Investment Programmes
Citizenship by Investment (CBI)
Also known as: CBI, Economic Citizenship, Passport by Investment
CBI programmes (also "economic citizenship") differ from Golden Visa / RBI programmes by granting full citizenship — passport, voting rights, and consular protection — in exchange for an investment. The first modern CBI programme was launched by St. Kitts and Nevis in 1984, and Caribbean states remain the longest-standing market.
Active 2026 programmes:
• St. Kitts and Nevis — $250,000 SISC (Sustainable Island State Contribution, the donation route) for a single applicant or family of up to 4. Real-estate route from $400,000. Processing 4-6 months.
• Dominica — $200,000 Economic Diversification Fund donation single applicant; $250,000 family of 4. Processing 3-4 months. Lowest-cost active CBI programme in 2026.
• Antigua and Barbuda — $230,000 NDF donation for family of 4; $300,000 real estate; $1.5M business investment.
• Grenada — $235,000 NTF donation single applicant; $270,000 family of 4. Real-estate route $270,000+. Notable: Grenada has a US E-2 treaty allowing visa-free US residency for investors after CBI.
• St. Lucia — $240,000 NEF donation; bonds and real-estate options also available.
• Türkiye — $400,000 Turkish real-estate purchase, held 3 years. Largest active CBI by application volume; not visa-free to most Schengen.
• Vanuatu — $130,000 Development Support Programme single applicant; among the cheapest globally but the passport has weaker visa-free strength.

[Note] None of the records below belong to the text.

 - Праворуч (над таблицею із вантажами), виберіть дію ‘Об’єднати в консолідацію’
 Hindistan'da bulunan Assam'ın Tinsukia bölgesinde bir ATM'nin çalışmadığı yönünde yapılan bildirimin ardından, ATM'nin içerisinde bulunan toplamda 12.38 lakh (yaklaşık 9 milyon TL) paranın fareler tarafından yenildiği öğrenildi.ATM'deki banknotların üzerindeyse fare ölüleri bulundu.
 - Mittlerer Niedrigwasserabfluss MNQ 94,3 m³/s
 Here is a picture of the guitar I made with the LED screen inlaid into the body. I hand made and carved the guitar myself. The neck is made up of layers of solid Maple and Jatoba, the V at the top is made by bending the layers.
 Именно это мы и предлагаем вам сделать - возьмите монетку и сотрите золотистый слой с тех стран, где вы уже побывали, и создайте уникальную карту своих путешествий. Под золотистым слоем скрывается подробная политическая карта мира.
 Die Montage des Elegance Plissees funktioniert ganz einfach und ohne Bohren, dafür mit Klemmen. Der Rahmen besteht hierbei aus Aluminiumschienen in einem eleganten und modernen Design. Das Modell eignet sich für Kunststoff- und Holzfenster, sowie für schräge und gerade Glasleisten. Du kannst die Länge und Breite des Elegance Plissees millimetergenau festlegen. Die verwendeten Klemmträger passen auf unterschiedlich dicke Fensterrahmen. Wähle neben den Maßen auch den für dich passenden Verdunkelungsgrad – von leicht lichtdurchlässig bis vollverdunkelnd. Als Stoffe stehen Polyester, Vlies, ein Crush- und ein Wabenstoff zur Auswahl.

• Egypt — newer programme launched 2023; $250,000 USD bank deposit (refundable) + naturalisation through 5-year wait, OR $300,000 non-refundable USD payment for direct citizenship.
EU CBI programmes are largely closed or restricted:
• Cyprus — terminated November 2020 after EC infringement proceedings.

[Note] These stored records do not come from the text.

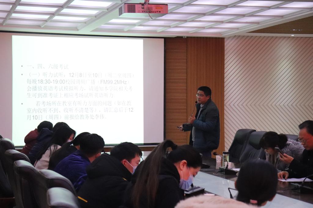教学秘书陈浩对英语四、六级考试及期末考试做出具体工作安排。行政秘书陈俊对太阳成tyc9728集团普通本、专科学生违纪处分的相关文件进行宣读。学工秘书徐远东对学风建设相关工作予以安排,他对太阳集团网tyc9728荣获全校学风建设先进单位的成就表示肯定,并对于申请单位评选和先进班级集体评选的硬性标准进行阐释。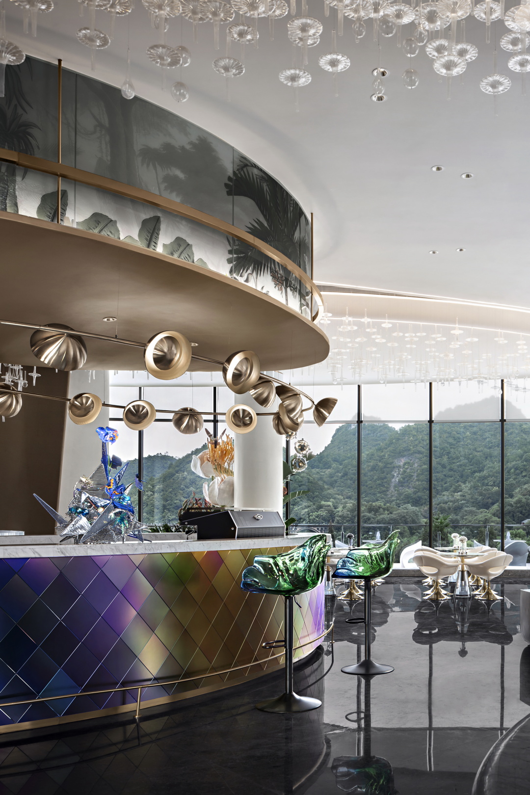 一層圍繞奇幻森林主題元素,分別給予空間瀑布奇觀、未來之樹、林深見鹿,三個極具特色的氛圍營造。將整體營造成一個富有森林氣息的自然奇觀的別樣空間, 引領访者去探索這充滿奇妙旅程的絢爛空間。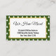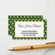 Sie können schwarzen Text mit Ihrem Namen und Ihrer neuen Adresse personalisieren. Oben können Sie das elegante schwarze Skript anpassen, das "Wir haben uns bewegt". Um das Textfeld herum befindet sich ein Imitat Goldfräser. Diese grüne Feiertagsansage hat ein Muster von weißen Weihnachtsbäumen auf der Vorder- und Rückseite.

• Malta — Individual Investor Programme replaced by the Citizenship by Naturalisation for Exceptional Services by Direct Investment (CES-DI). Malta's programme was the subject of a 2024 European Court of Justice opinion finding it incompatible with the EU Treaty's loyalty obligations between Member States; Malta has appealed, but new applications are limited and uncertain.

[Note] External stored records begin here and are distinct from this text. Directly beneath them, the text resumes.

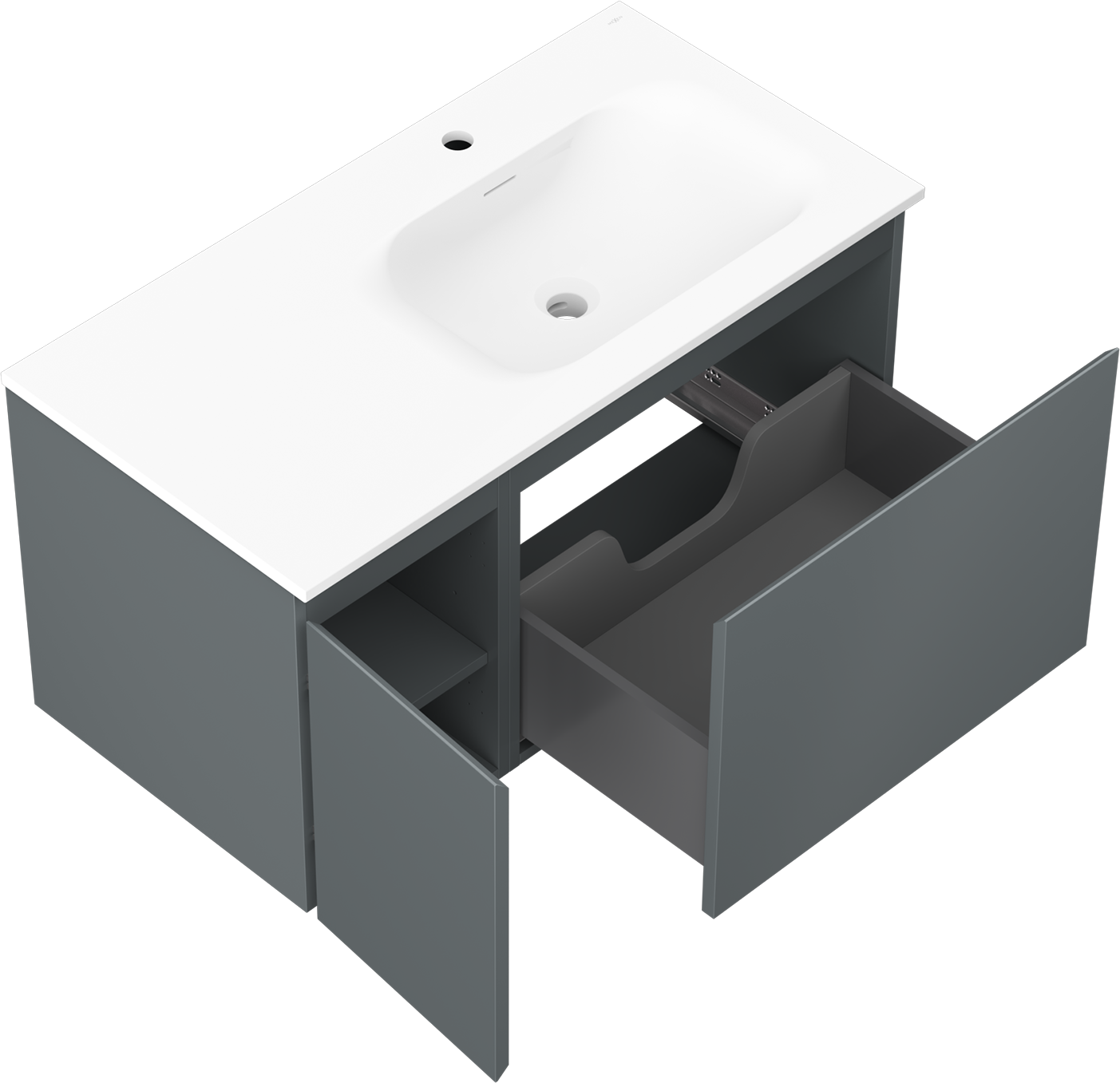 Mexen Orio 90 cm badrumsskåp med tvättställ Vela höger, 1S, 1D, grafit matt/vit matt - 91A13-09047-3-BBFF66-W23P01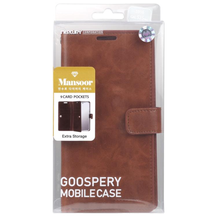 For Samsung Galaxy S25 5G GOOSPERY MANSOOR DIARY 9 Card Slots Leather Phone Case(Brown)
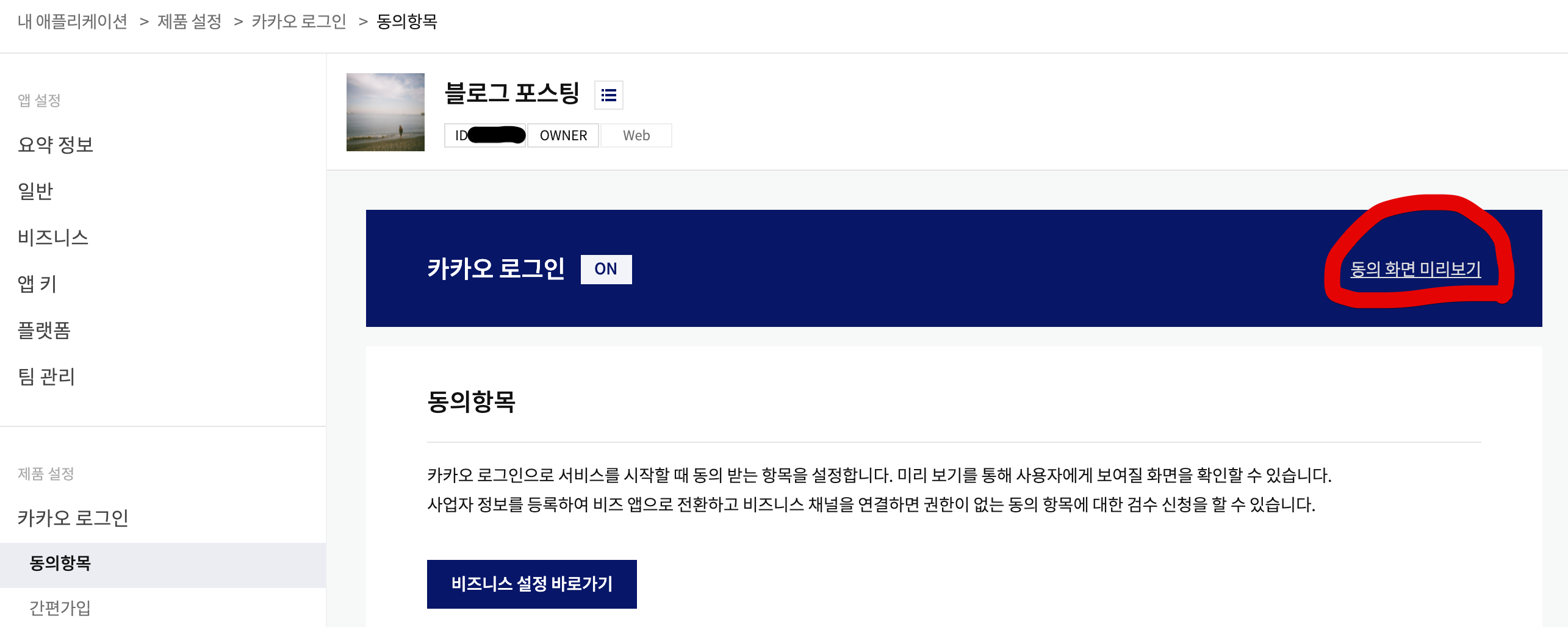 내 애플리케이션 > 앱 설정 > 요약 정보뿐만 아니라,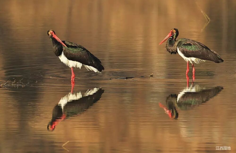 黑脸琵鹭(鹳形目,鹮科),冬候鸟,国家二级保护动物,全长约74cm。颈部带黄棕色环,枕后饰羽黄色。嘴黑色,眼先、眼周、与前额及嘴基形成一黑色区域。冬季饰羽较短,黄色消失。栖息于湖泊、沼泽及沿海滩涂等地。涉水觅食水生动物。常单独或小群活动。以小鱼、虾、蟹、软体动物和甲壳类动物为食。鄱阳湖区偶见。数量十分稀少,全世界总数2041只(2009年全球同步调查),韩国和中国东北部繁殖,被列为国际濒危鸟类。习性同白琵鹭。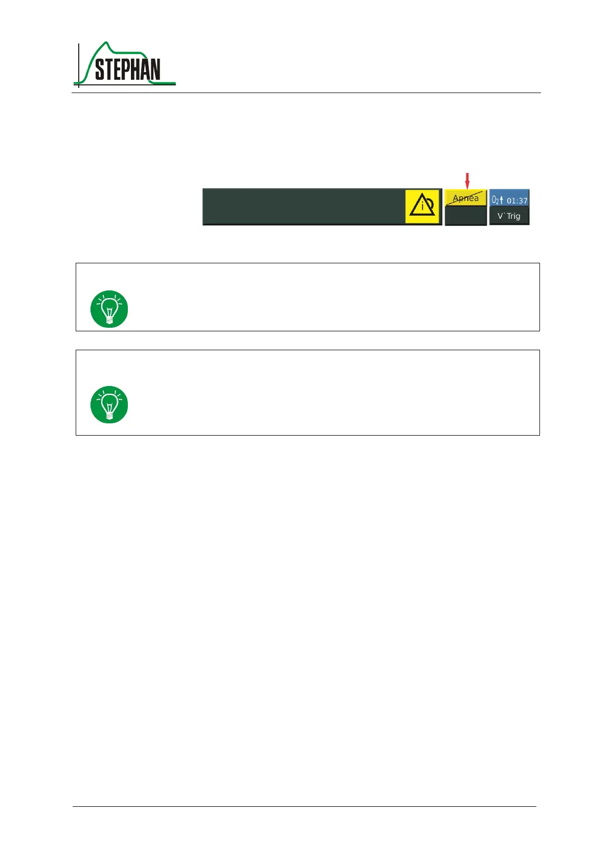 Fig. 21: Status, alarm, and info display, "Apnea alarm deactivated"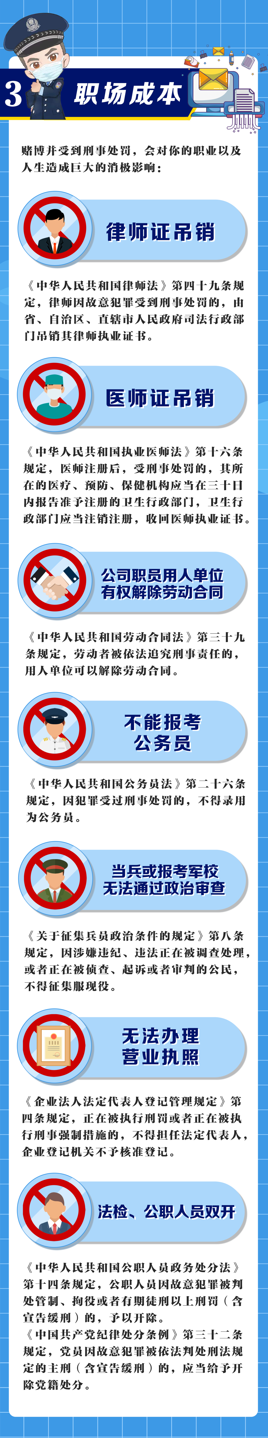 赌博违法犯罪记录将伴随终生,本人或子女参军、报考公务员等都将受限制。

Due diligence has tightened materially after the 2014-2024 wave of EU and US sanctions enforcement. Russian and Belarusian applicants have been excluded from most Caribbean programmes since 2022. Iranian applicants face additional screening. Any criminal record, OFAC entanglement, or sanctioned-jurisdiction connection is now generally disqualifying.
Sources
- St. Kitts and Nevis Citizenship by Investment Unit
- European Commission — Investor Citizenship Schemes Report
Last factual review: 2026-05-08.
Related terms
Golden Visa
A Golden Visa is residency-by-investment: non-EU/non-domestic applicants gain residence rights by investing in qualifying assets (property, funds, government bonds, or job-creating business) above a country-set threshold. Programmes vary widely in cost, physical-presence requirements, and whether they lead to citizenship. Portugal closed its real-estate route in October 2023; Spain ended its programme entirely in April 2025; Greece, Malta, and the Caribbean states remain open with different conditions.
Citizenship by Descent
Citizenship by descent (jus sanguinis, "right of blood") is the acquisition of citizenship through ancestry rather than birthplace or naturalisation. Generation depth, paperwork, and timeline vary wildly: Italy historically allowed unlimited generational descent (now restricted by the March 2025 reform); Ireland allows three generations; Germany, Hungary, Poland, Portugal Sephardic, and Spanish Sephardic each have specific routes. Often the fastest non-investment route to a second EU passport.
Permanent Residence (PR)
Permanent Residence is the immigration status that entitles a non-citizen to live in a country indefinitely without citizenship, with most resident rights including work, study, and access to social services. Acquired through years of continuous legal residence (typically 5 years in the EU, 5 in the US for most green-card categories, 4-5 in Australia/Canada/NZ). Often a stepping stone to citizenship after additional residence years.